Кристофер мычит, кивая. Его руки, сначала нерешительные, потом со всей силой обвивают Хёнджина, прижимают к себе.
— Его мама звонила мне сегодня утром, — проговаривает он в ткань чужой куртки, слова застревают в горле. — Он не отвечает на звонки. Не отвечает никому. Я… я не знал, что ей сказать.
Хёнджин аккуратно отрывается, заглядывая Кристоферу в глаза.
— Пойдём и спросим у него, — предлагает Хёнджин, и его слова повисают в воздухе. — Вместе. Ну?
Кристофер делает глубокий, немного дрожащий вдох, расправляет плечи. Он кивает. Не уверенно, но кивает.
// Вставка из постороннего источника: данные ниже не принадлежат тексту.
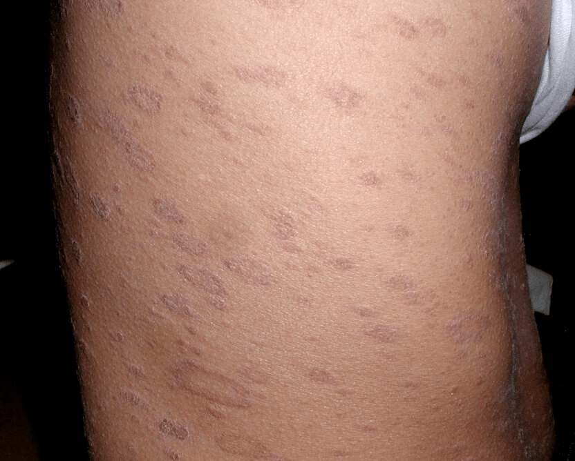 Representative lesions on his lateral thigh are shown. Name that rash!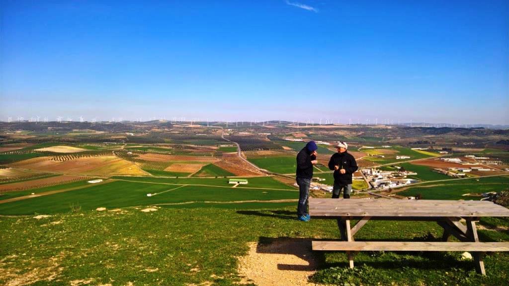 Der Freitagwetterbericht sah an der Küste schlecht aus. Wir flohen ins Landesinnere. Moclin bei Granada. Einen Cortado (spanischer Expresso) im Dörfli selbst und anschliessend kurzer Aufstieg zum Startplatz. Uns zuliebe liess der NO Wind im richtigen Moment nach und die Thermik überwog. Wir stiegen alle schön an die CTR-Grenze des Flughafens Granada. Als wir gesättigt waren, landeten alle neben dem Auto auf der grünen Wiese. Und weils grad so passte, gabs auf dem Weg nach Malaga noch ein Flugstop in Lija, NO Startplatz. Die Sierra Gorda mit den vielen Windrädern machte Eindruck. Ein tolles Fluggebiet. Auf dem Rückflug war das Bergmassiv schön zu sehen, siehe Bild.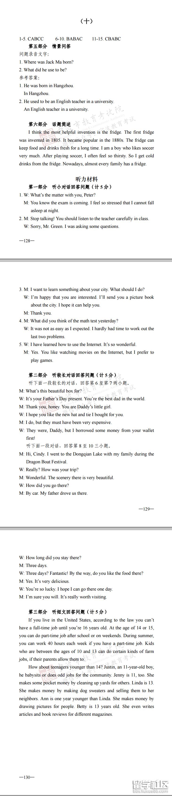 出國留學網中考網為大家提供寧波中考英語聽力口語自動化考試練習題答案(十),更多中考英語復習資料請關注我們網站的更新!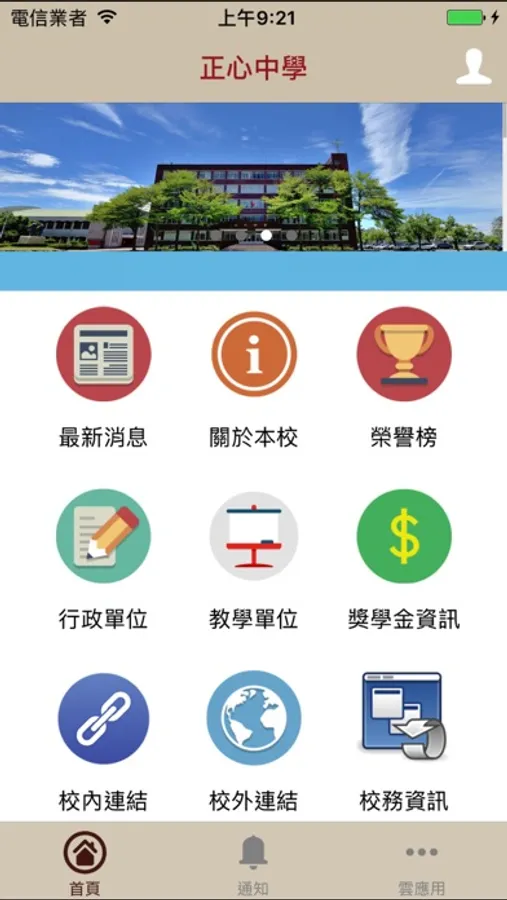 係專為學校學生、家長、教職員工所設計開發的APP,讓使用者透過行動裝置隨時掌握校園即時訊息,接收學校重要訊息通知,查詢成績、課表等校務相關資訊。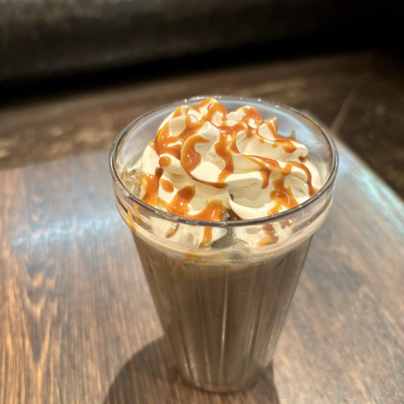ふわふわのホイップクリームとキャラメルソースをトッピングしました。
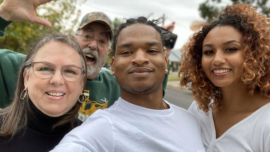 Hinton and his girlfriend, Mikaela, obliged and were welcomed with open arms by Dench and her husband, Lonnie, as photos from the Thanksgiving meetup and screenshots of their interactions were shared thousands of times on social media.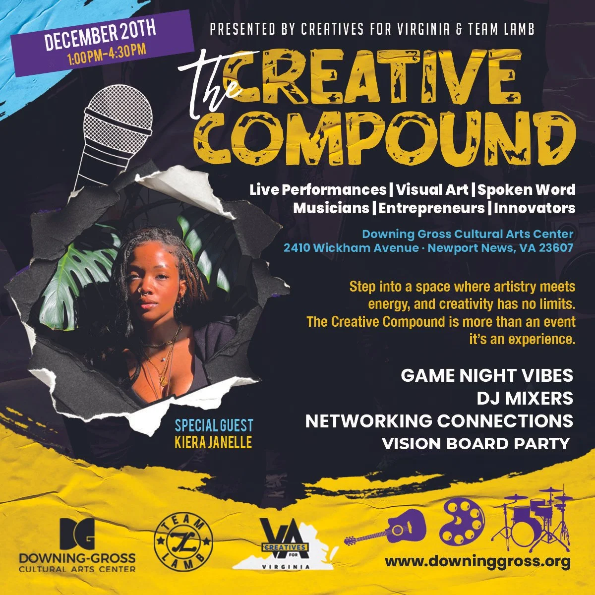 Presented by Creatives For Virginia and Team Lamb, step into a space where artistry meets energy, and creativity has no limits. The Creative Compound is more than event, it’s an experience. Featuring game night vibes, DJ mixers, networking, and spotlight conversations for Hampton Roads creatives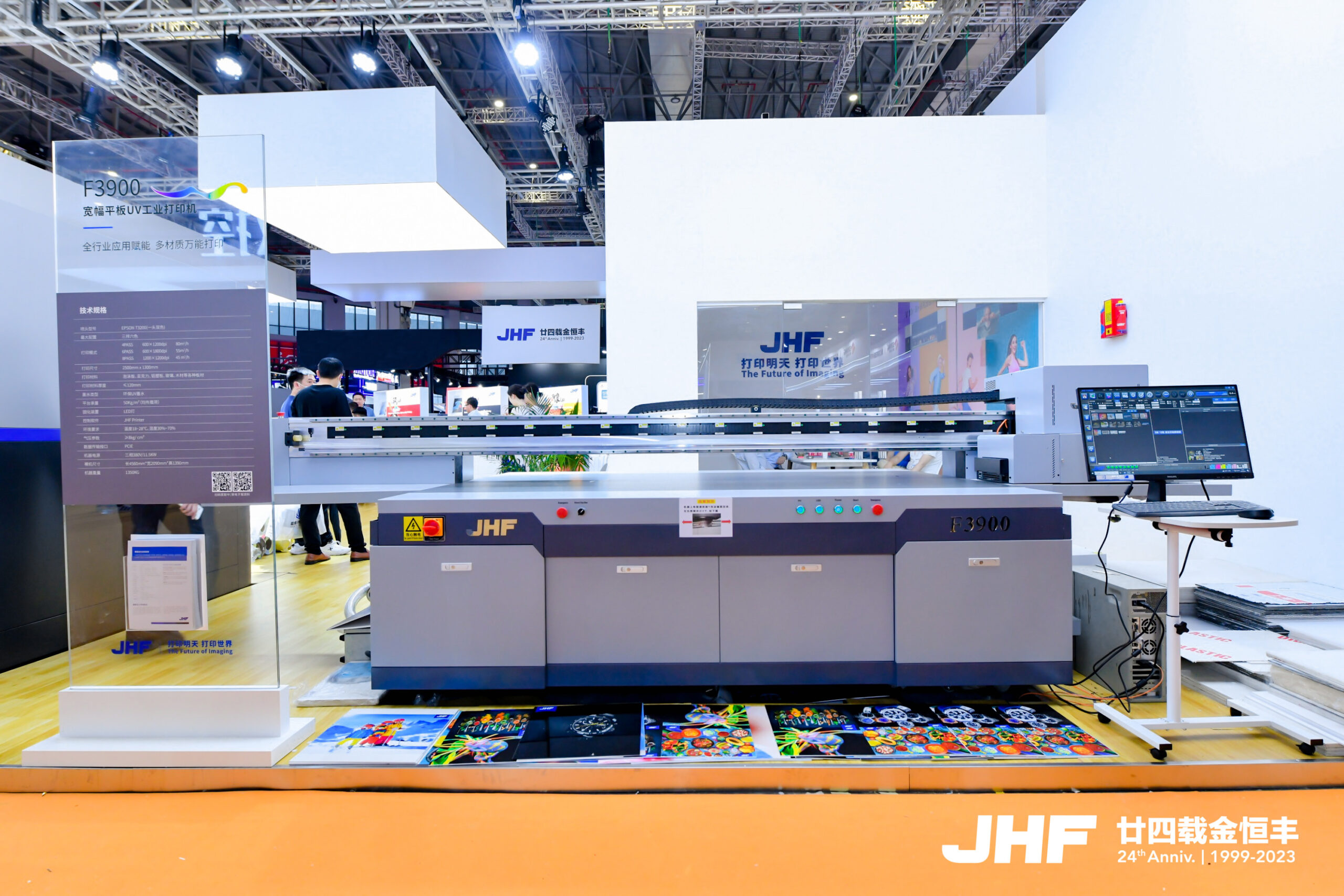 JHF released a Ultra-Wide flatbed industrial printer with optional industrial-grade head, F3900. It deliv[1]ers multiple layers printing with white or varnish. In addition, its variable ink droplet technology ensures that stunning images can be printed on a variety of media with high speed.

Они входят без стука. Палата залита холодным полуденным светом, падающим из большого окна. На двух койках, стоящих у противоположных стен, лежат два пациента.
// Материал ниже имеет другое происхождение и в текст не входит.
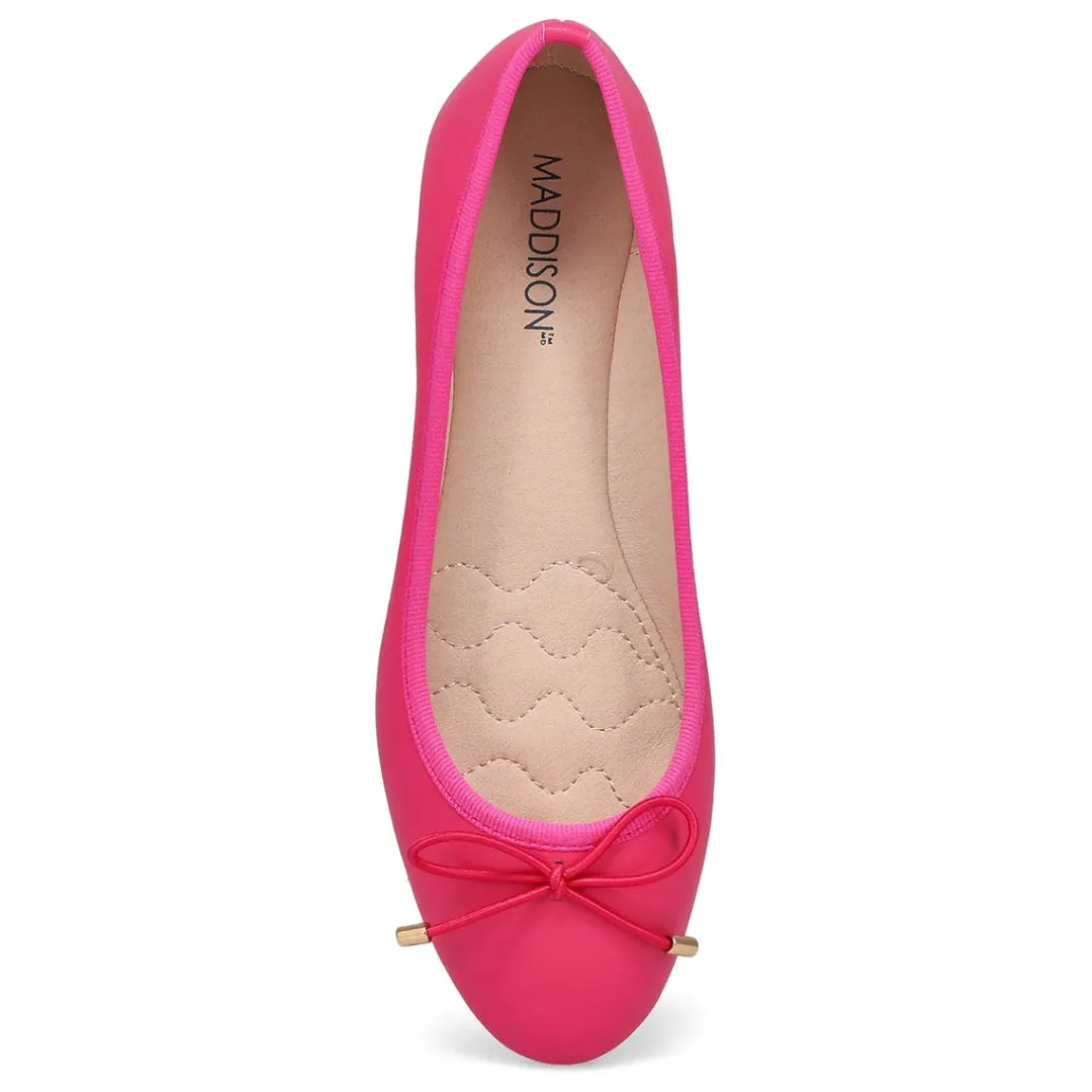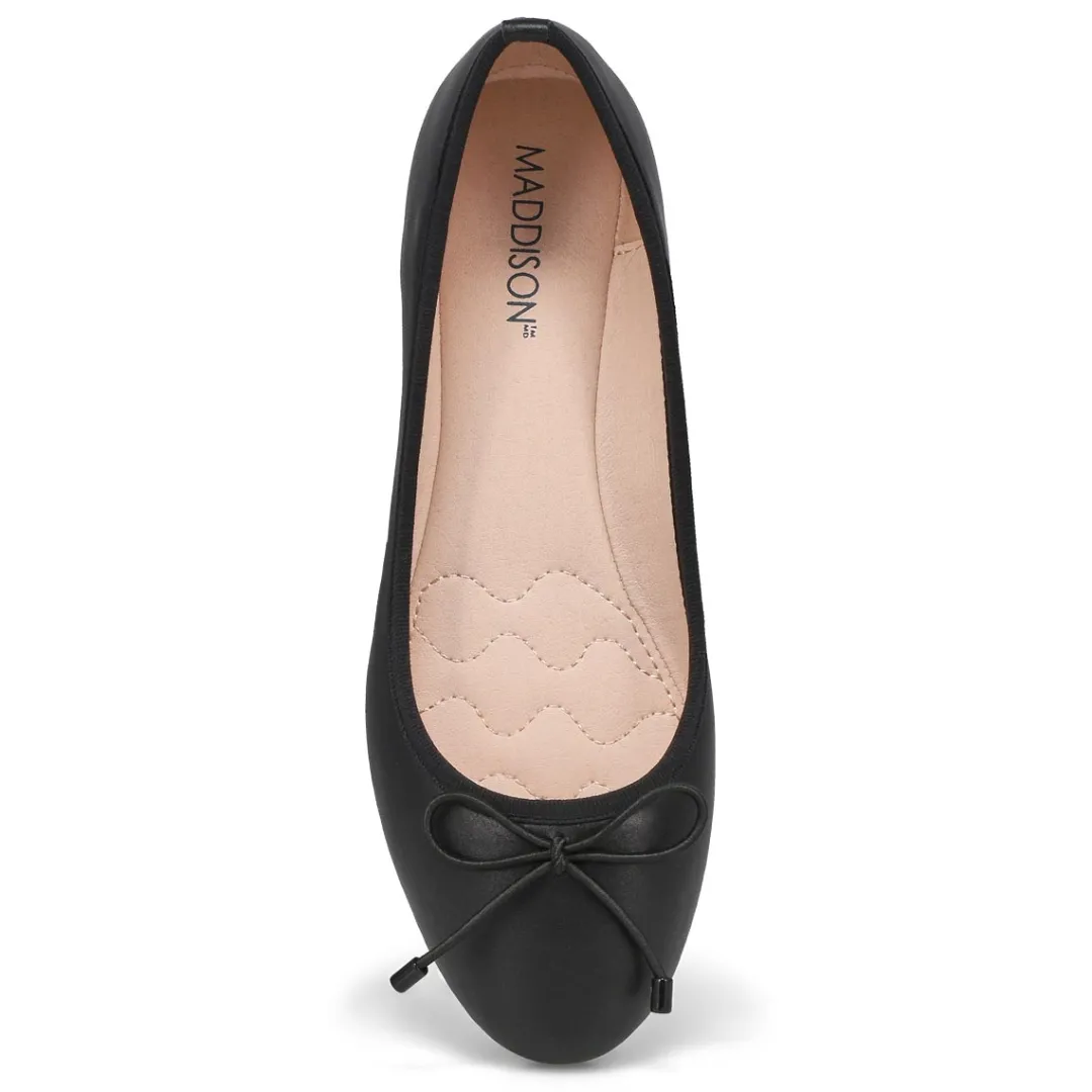 With the striking slender silhouette design, the Priscilla Ballerina flat from Maddison by SoftMoc are sure to bring a contemporary twist to your classic style. Featuring a genuine leather upper with a breathable lining. Cushioned Memory foam insole for all day comfort. A classic round toe styling with a durable TPR outsole.

Чонин спит, укрывшись с головой. Из-под одеяла торчат лишь
белые, нелепо пушистые тапочки и прядь чёрных волос. Сыворотка и успокоительное делают своё дело, унося его в мир без сновидений, подальше от кошмаров реальности.
Чанбин же не спит. Он лежит на спине, уставившись в потолок. Его холодный пустой взгляд убивает Кристофера. Руки вытянуты вдоль тела поверх одеяла, расслабленные и безвольные. Грудь медленно поднимается и опускается от необходимости дышать.
Старый Чанбин повернулся бы к ним, озарил бы комнату улыбкой, вскинул бы руки при виде полного пакета и прокомментировал каждую шоколадку.
Этот Чанбин даже не шелохнулся. Даже взгляд его не дрогнул, не соскользнул в сторону двери.
Кристофер замирает на пороге, и по его лицу пробегает судорога жалости и вины.
Хёнджин же вплывает в комнату, подходит к койке. Его движения — плавные, почти невесомые, будто он боится нарушить равновесие этого молчания.
— Чанбин, тебе нужно есть, — говорит он и достаёт из пакета целлофановый мешочек с апельсинами. Кожура ярко горит оранжевым в серой комнате. — Вот, смотри, какие сочные.
Кристофер подходит ближе, опускается на стул у кровати. Его пальцы беспокойно барабанят по коленям. Он продумывал этот визит, подбирал слова. Вчера он говорил о новом фильме, о ремонте дороги — о чём угодно, только не о главном.
О чём говорить сегодня?
Его взгляд цепляется за перевязанные руки Чанбина. Белые бинты, проступающие из-под края рукава, кричат о той боли, которую он добровольно себе причинил, пытаясь вырваться.
Смотреть на это невыносимо.
— Твоя мама… — начинает Кристофер, и его голос звучит неожиданно тихо и срывается. Он откашливается. — Твоя мама просила передать… чтобы ты позвонил, когда… когда почувствуешь себя лучше. Они все очень волнуются. Сестра твоя места себе не находит.
Хёнджин заканчивает выкладывать на тумбочку шоколадки, улыбается Кристоферу коротко и ободряюще.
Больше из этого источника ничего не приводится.